Mrs. Haynes

 
 

In the Alberta Golden Jubilee Anthology, Elizabeth Sterling Haynes wrote, “The one thing I’m sorry about is that they always have to go away; Alberta must export her acting talent because, as yet there’s no employment here. Someday, perhaps we will truly build our own theatre. Alberta playwrights will create drama… strong and colourful and moving as the province itself … and Alberta actors will translate it into life, all over Alberta, for thrilled Alberta audiences.” Throughout her career, she began the foundation of quality and structure to Alberta theatre that brings us to this our Centennial year.

In 1922 Elizabeth Sterling Haynes moved to Edmonton from Toronto, a professional move which many may have considered ill-advised at best and laughable at worst. She wasted no time spreading the good word – that very November an article in the University of Alberta’s, The Gateway, reported that at an afternoon tea and general meeting held by the Dramatic Society, “Mrs. Haynes” presented a paper entitled, “The ABC of Dramatic Technique, which was concerned chiefly with the essential, fundamental elements of dramatic production.” She directed and acted in productions both at the University and around the city. In 1929 she co-founded the Alberta Drama League and Edmonton’s Little Theatre.
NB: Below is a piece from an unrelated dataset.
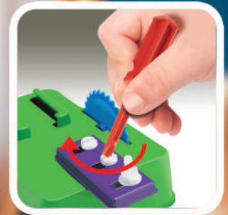
Parafusos e porcas para você apertar e soltar

*ATENÇÃO: O CAPACETE NÃO ACOMPANHA O PRODUTO
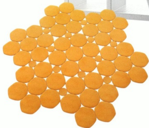
ПЧЕЛАМ ПОНРАВИТСЯ Наращаемый стеллаж Orus Incertum из стопроцентно рециклируемого пластика. Casamania Фетровый ковер Prisma выпускается в разных цветах и конфигурациях. Paola Lenti

In 1932, the middle of the Depression, The Department of Extension at the University of Alberta received a three-year grant from the Carnegie Foundation. Haynes was named Director of Drama. As her jurisdiction included the entire province, she set off into the countryside “by train, bus or car, teaching and stimulating knowledge of theatre in rural Alberta.” (Edmonton Journal, Nov. 18, 1955) She taught week long adult courses in drama, gave public lectures, advised amateur dramatic societies, helped to organize and adjudicate festivals, and “for a moment replaced the grim saga of drought, grasshoppers and hard times with visions of something fine and beautiful.” (Barbara Villy Cormack)
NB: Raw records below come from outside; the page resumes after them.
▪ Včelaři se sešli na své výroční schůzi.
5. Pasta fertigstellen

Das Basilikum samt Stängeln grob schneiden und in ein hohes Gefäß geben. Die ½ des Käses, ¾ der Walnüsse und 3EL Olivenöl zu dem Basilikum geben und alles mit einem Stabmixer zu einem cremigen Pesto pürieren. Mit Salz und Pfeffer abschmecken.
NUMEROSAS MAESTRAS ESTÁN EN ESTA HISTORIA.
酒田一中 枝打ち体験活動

In 1933, Dr. E. A. Corbett and Elizabeth Sterling Haynes initiated a summer school for Drama. “I recall their excitement when they decided the school should be held in BanffNational Park,” wrote playwright Gwen Pharis Ringwood. “They hoped for twenty-five students and got over two hundred.” That summer school has since grown into the internationally renowned Banff School of Fine Arts.

In 1949, Studio Theatre was founded at the University of Alberta, and Elizabeth Sterling Haynes directed or acted in many productions there until 1955, training and inspiring student artists.

 

A Legacy for Edmonton and Alberta

Elizabeth Sterling Haynes


Elizabeth was a force, a creative energy unleashed at a time when creativity was suspect and at a place where creativity was often ignored in the hope that it would go away....The Elizabeth Sterling Haynes Theatre has never existed as a building....But she often quoted...Roy Mitchell as saying, 'you do not build a theatre with bricks. You build it with people.' Her theatre exists in the people whose lives she touched."
Gwen Pharis Ringwood


'What in God's name am I doing here' I thought. 'I'm only in this bloody course because I can neither draw, nor paint nor sing nor play an instrument. I'm no good with tools, it's hot up here, the bolt won't turn, and who the hell are these creeps in drama, anyway?". . . During a quiet moment, a voice the like of which I had never heard before, floated through the auditorium, rich, resonant and vital . . . .I remember striving to imagine what body, what face could produce such a sound. Purposely I dropped my wrench to the floor and climbed down to retrieve it. I fixed my gaze on the most statuesque figure I had ever seen. It was at that moment that I subconsciously began to reconsider the direction my life would take.


There was nothing in our working relationship from then until she died that was not a source of inspiration to me. As I write this, Beethoven's Ninth is playing in the background. A happy accident, for the work of Elizabeth Sterling Haynes seems to me, upon reflection, always to have been a "Hymn of Joy."